Children who have been repeatedly given antibiotics for respiratory tract infections, who can't get rid of one cold before another comes, will benefit especially from a dose of this medicine in high potency at the beginning of the school year. If fact, its value as a preventive as well as its efficacy in chronic ear infections, enlarged glands, tonsils, and adenoids, epistaxis [nose bleeds], enuresis [bed wetting], eczemas, ringworm and other skin conditions, its service in young persons who grow too tall too fast without corresponding muscular development, cause Tuberculinum to be prescribed for children and adolescents more frequently than any other nosode.

The mental instability of Tuberculinum is not the suddenly contradictory mood of some other remedy types, but a chronic, inherent tendency: accommodating behaviour alternates with disruptiveness, tenderness with violence, restlessness with passivity, anger with indifference, reliability with capriciousnes, cheerfulness with negativity, febrile activity with lethargy, need for security and support with the desire for independence, a desire for seclusion with eagerness for intense experience -- making the individual a constant fountain of emotional upheavals.

The alternating moods can be observed from an early age. The normally attractive and affectionate child periodically becomes ornery and disobedient, exhibiting violent fits of temper that upset the whole family dynamic. He constantly wants attention but at the same time desires to be let alone. He is quick to strike out at others, will bite at a restraining hand, or hurls objects with a desire to break things and to injure. The child hurls not only objects but also words, the most offensive, preferably scatological, ones he can muster, and certainly the frequent tantrums of the "terrible twos" -- the violent outbursts of peevishness and fury from little apparent cause -- yield to Tuberculinum as to no other remedy.

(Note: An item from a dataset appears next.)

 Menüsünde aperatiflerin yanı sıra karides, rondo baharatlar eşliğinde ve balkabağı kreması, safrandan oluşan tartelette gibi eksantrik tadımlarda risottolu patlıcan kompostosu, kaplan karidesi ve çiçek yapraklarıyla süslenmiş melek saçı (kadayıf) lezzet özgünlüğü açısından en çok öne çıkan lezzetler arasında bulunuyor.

Misbehaviour may take other forms than destructive behaviour: this remedy ranks high for excessive stubbornness and wilfulness in a child. The principal distinction is that many other remedy types are content when the object has been gained, while Tuberculinum soon desires something else.

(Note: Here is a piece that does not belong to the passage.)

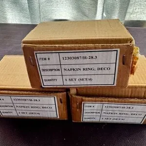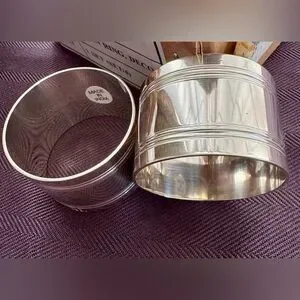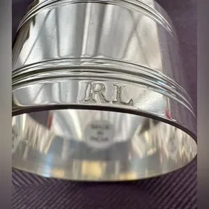 This is a stunning set of brand new never used still in boxes Ralph Lauren 2005 “Deco” napkin rings. They are silver plated and have gorgeous groove lines around the top with the RL stamp on it.

This type can also be mischievous. In fact, a mischievous streak in children often signifies an underlying Tuberculinum susceptibility. One three-year-old with chronically runny ears was not disagreeable. He was, however, unmanageable in an impish way. For instance, discovering the potential of a really sharp pair of scissors, he began to cut tiny, almost unnoticeable, holes in the backs of upholstered living-room furniture. Confronted with these misdeeds and reprimanded, he stoutly denied his guilt and blamed the family dog, Patches. He realized that no one believed him but was sufficiently shrewd to sense that, unless caught in the act, he could not be proven guilty. No threats or punishment could induce him to change his story. And, to make it more credible, in the presence of other family members he solemnly delivered upbraiding homilies to poor dumb Patches.

A pleasing attribute of this type is a lively sense of humor. A ten-year-old girl cured of enuresis by periodic doses of Tuberculinum 1M used to warn her father that smoking, coffee, and alcohol would hasten his aging. One day he parried, "I'm not aging any faster than you, young lady. You are growing older every day yourself!" "Not so," was the ready reply. "Once you're over the hill you start picking up speed!"

Incidently, this child who so fearlessly confronted adults -- parents, teachers, and anyone else with whom she could match wits -- was extremely fearful of dogs and when younger became quite hysterical if approached by one. This fear is a key to the remedy. When the drowning physician finds himself in a sea of non-specific symptoms, it may prove a sturdy plank.

The Tuberculinum dilemma consists in the need to fulfill both the civilized and primitive sides of one's nature. The conflict occurs largely at the subconscious level and, when thwarted, is expressed in tantrums on the slightest provocation, melancholy, restlessness, and alternating moods and modes of conduct.

But the homeopathic remedies are directed precisely at the unconscious level. And the potentized tuberculin virus, like the other deep-acting nosodes, achieves its profound cures by addressing our archetypal conflicts and helping to resolve them.